Analysis: Alleged Bias Found in Extrapolation Audits Part IV

By Frank Cohen, MPA
June 27, 2018

The PIM is a woefully inadequate guide for audits leveraging extrapolation.

EDITOR’S NOTE: This is the fourth in a series of reports on alleged bias the author has uncovered in extrapolation audits.

This is part four of a three-part series expressing my disappointment in chapter 8 of the Medicare Program Integrity Manual (PIM).

Did you get that? Part IV of a three-part series. That’s right.

After I finished up the trilogy, I realized that I missed one very important aspect of inferential statistics and extrapolation, and that was the issue of outliers. Actually, I could easily be forgiven for forgetting this very important topic, because, and this is really strange, nowhere within the entirety of chapter 8 of the PIM is the word “outlier” found. The reason this is so strange is that the issue of outliers is huge when it comes to inferential statistical methods – and in particular, extrapolation.

First, a bit of background. In addition to not mentioning outliers, chapter 8 of the PIM also fails to mention the “median” as a critical metric when considering inferential statistical calculations – and as I will explain later, the use of the median over the mean is quite common in the presence of outliers. I know this because in a recent federal trial in which I was the statistical expert, the prosecutor asked me to find anywhere in Chapter 8 where the word “median” was used, and, knowing this was just a setup question, I responded honestly that it was not. Her conclusion, then, was that if the PIM didn’t mention it, it couldn’t be a viable metric for extrapolation. That’s simply false, and I would venture to say that I would get a resounding agreement from not just statisticians, but anyone who studied high-school mathematics.

Outliers are nearly always a part of a billing and coding audit for reasons that were discussed in prior articles. Specifically, billing audits are almost always heavily skewed right because the paid amount is bounded on the left by zero. This is because the least a provider can be paid for any procedure is, well, nothing. And while there is a practical limit to the maximum a provider can be paid, it can be very high, and as such, this skews the data to the right. In the case of this type of a skewed database, it is almost always more appropriate and accurate to use the median over the mean, and this can be particularly true when outliers are present in the data.

According to the National Institute of Standards and Technology, a part of the department of commerce, “an outlier is an observation that lies an abnormal distance from other values in a random sample from a population. In a sense, this definition leaves it up to the analyst (or a consensus process) to decide what will be considered abnormal.” Notice the part that says that the determination of whether a data point (or points) constitute an outlier is up to the analyst to decide. It also mentions a consensus process, which means using established calculations based on standards of statistical practice.

Now, I could write a whole book on outliers, but there are some basic tenets that can be easily understood and observed in order for an extrapolation to accurately represent some estimate of overpayment in a billing audit.

To begin with, outliers are common because of the way in which most auditors identify the audit unit. The most common unit is the claim, and as has been discussed in prior articles in this series, the claim is not usually the best unit. The reason for this is because a single claim can contain many claim lines, each of which represents a different procedure code, code type, or category, as well as very variable paid amounts. In fact, all one has to do is look at the paid claims data within their own organization to see what a mess this can be with regard to statistical extrapolation.

For example, I can have five claims that all represent the same diagnosis with different procedure codes in different code categories, such as E&M, imaging, surgical, pathology, etc. And within those five claims, I could show you the same code present, with each service paid as some variable amount and even not paid at all. Also, when you mix claims from different providers in different specialties for different levels of patient acuity, you are going to often see huge swings in payments. Again, for example, I can show you data for a recent audit wherein the claim paid amount went from $0.88 to $6,243. That’s a huge range, and it contained lots of outliers, both high and low.
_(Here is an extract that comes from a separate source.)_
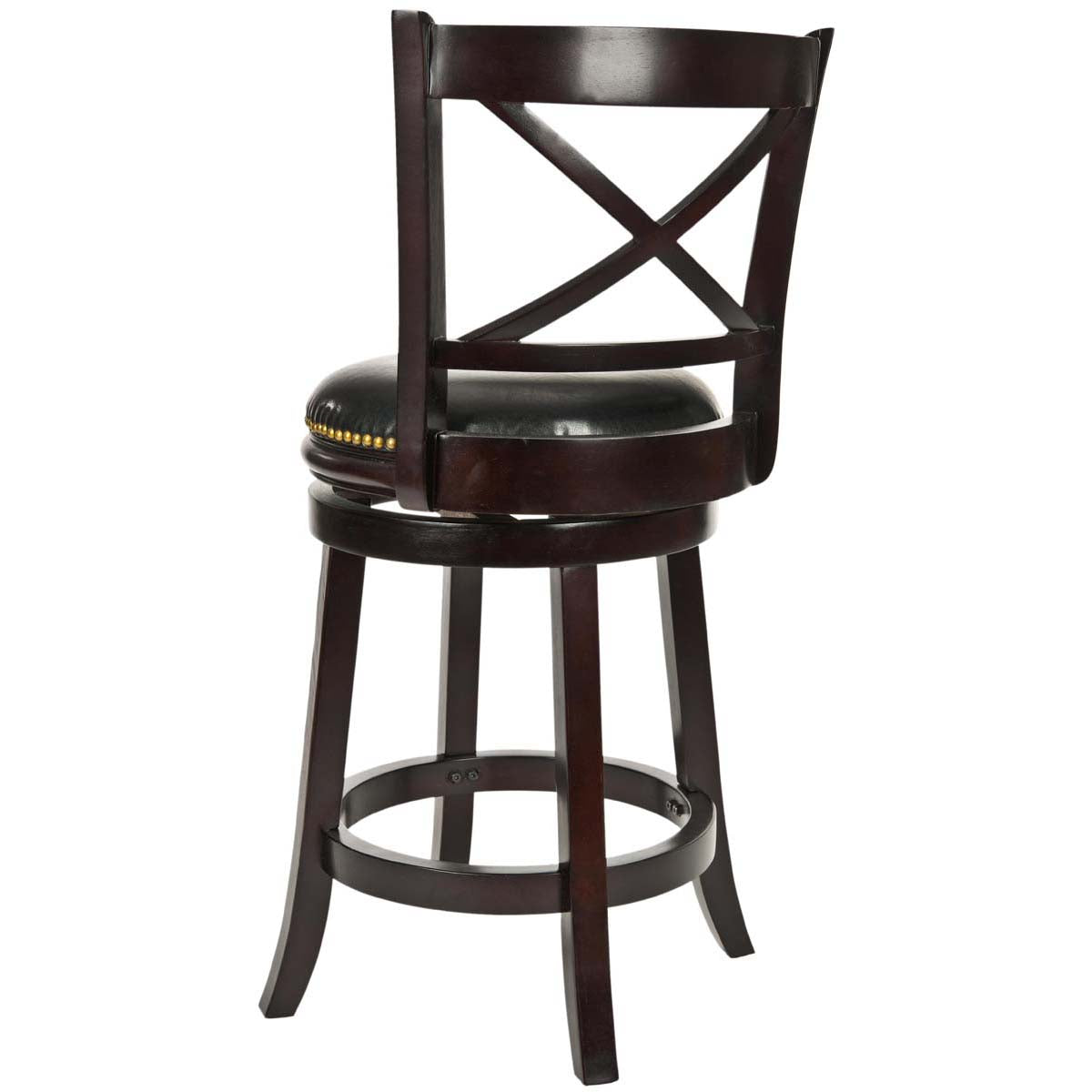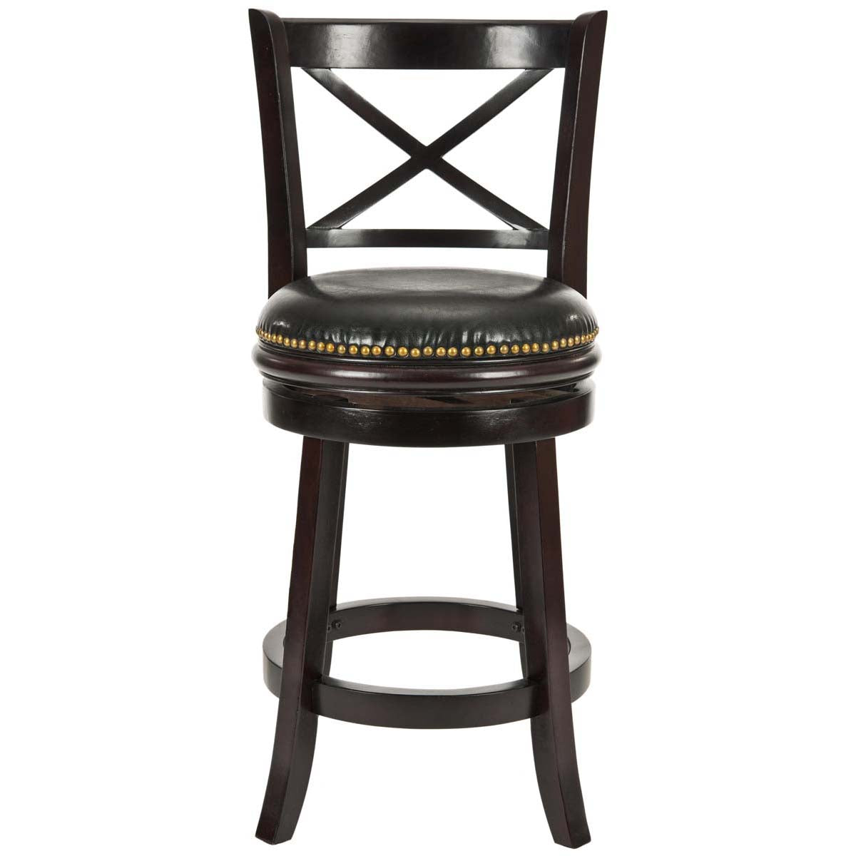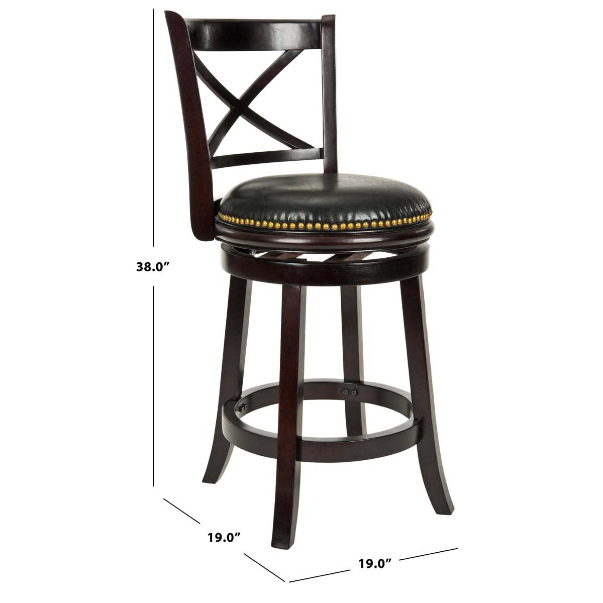 The Butler Counter Stool gives traditional styling an update with a crisscross back and gently curved legs of Malaysian Oak with a rich cappuccino finish. The well padded swivel seat?? cushion is covered in black bi cast leather and accented with nail head detailing. With a 24 inch seat height, Butler will be perfect for your counter or pub table. Assembly required.

What is the effect of outliers on extrapolation? Some of this depends what metrics are used for measuring central tendency. If the average (or mean) is used, then outliers will have a huge impact because the mean is very sensitive to these outliers. And while any data set can have both low and high outliers, the majority are made up of high outliers, based on the nature of the billing process. Not too long ago, I testified in federal court as a statistical expert, defending a physician against a couple of extrapolations that were performed by a Zone Program Integrity Contractor (ZPIC). I was trying to explain to the judge why outliers were so destructive when using the average rather than the median, and he asked me to give him an example, so here is what I told him:

“A statistician walks into a bar with 100 patrons. With his pencil and paper, he goes around and asks each patron what their income was over the past year. After getting the responses, the statistician calculates an average income of $48,000, and because the data was normally distributed, a median income of $48,000. So far, so good. Then, Bill Gates walks into the bar and orders a beer. Now, on average, everyone in the bar is a multi-millionaire, but the median remains the same: $48,000.”

The point is this; since we are pretty much stuck with the use of the average, we need to aggressively address the issue of outliers. Remember, the median is not mentioned anywhere in chapter 8, so auditors don’t feel as though they need to consider it, even though it is accepted as a standard of statistical practice (and in most cases, the more appropriate and accurate metric).

There are three ways to address the issue of outliers. The first is through the use of stratification, which is the process of separating a population into more similar subsets, and while I will argue against the use of the paid amount as the basis for stratification, that is the variable of interest used by the auditors. Using the paid amount, there are statistical calculations and processes that can be employed to effectively and properly stratify a population.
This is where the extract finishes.